Predication algorithms in genomic medicine

Recently published examples involving monogenic diabetes demonstrate how pathogenicity prediction algorithms can be very inaccurate for predicting which genetic variants are likely causal of dominant monogenic disease (14). Here, we highlight the potential pitfalls of variant classification and how they can be avoided.

A recent study used a bioinformatic algorithm to identify 88 “likely pathogenic” monogenic diabetes variants in 80 individuals (8.6%) from a cohort of 1019 individuals with type 1 diabetes for 50 or more years (4). Application of the widely used American College of Medical Genetics and Genomics and the Association for Molecular Pathology (ACMG/AMP) standards and guidelines (5) classifies only nine of these 88 variants as likely pathogenic or pathogenic variants that would be reported by our clinical diagnostic laboratory as likely causative of the patients’ diabetes. This is not an isolated occurrence; other published research studies with an overreliance on in silico prediction tools have reported high levels (~90%) of false positive “likely pathogenic” monogenic diabetes variants (13). We have seen clinical diagnostic reports from laboratories in eight countries across Europe, Asia, the Middle East, and the United States that have similarly reported such variants as incorrectly likely causative of a patient’s diabetes.

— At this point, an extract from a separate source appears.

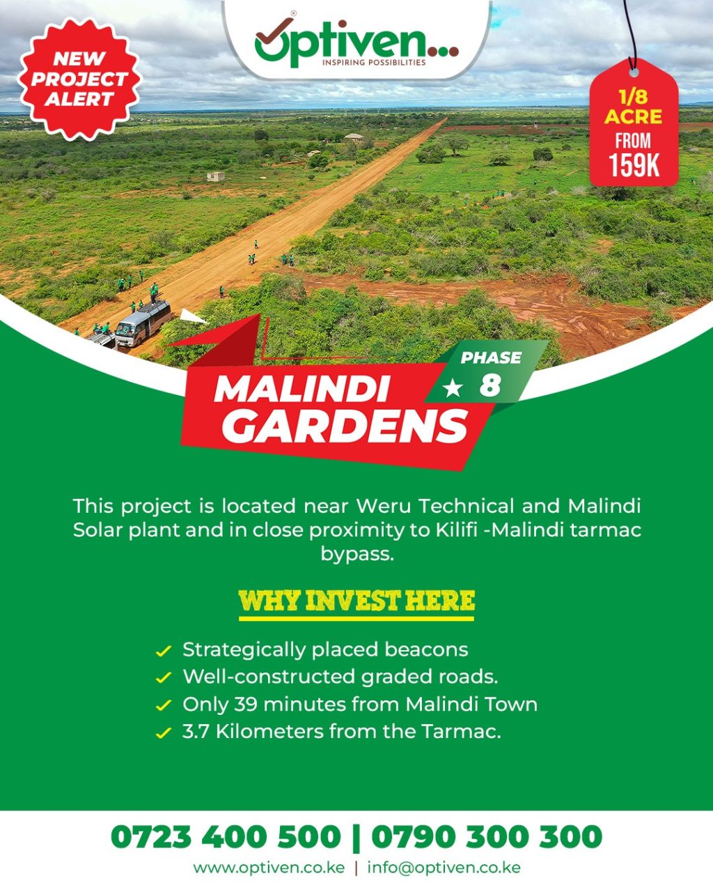 Investment Opportunity: Malindi Gardens Phase 8 Price: Plots from Ksh. 159,000 Contact: 0723 400 500 / 0790 300 300 (Source: Invest in Malindi Phase 8 Today – Optiven Group)
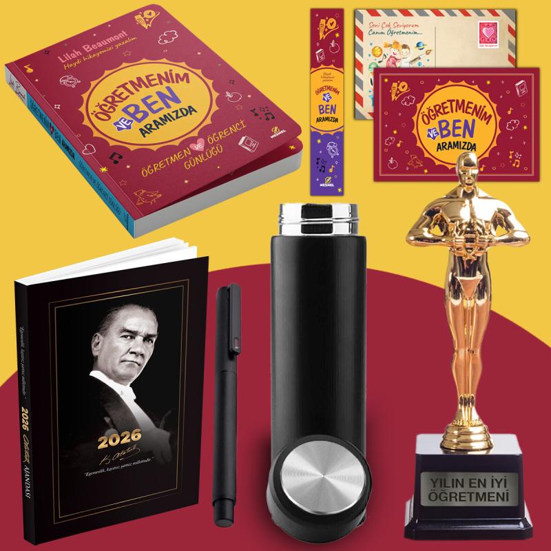 Öğretmenim ve Ben Aramızda - Oscar Heykeli - Termos - Gazi Paşa 2026 Atatürk Ajandası ve Roller Kalem

Such great discrepancies occur not because the bioinformatic algorithm is wrong, or even based on incorrect scientific principles, but because variant interpretation in the clinical setting requires other information in addition to the predicted effect upon protein function. This additional information includes knowledge regarding the gene-disease validity, mode of inheritance, appropriate allele frequency cutoff thresholds, most clinically relevant transcript, and specificity of disease-causing variant type for each gene. Each of these is discussed in turn below and illustrated in Figure 1.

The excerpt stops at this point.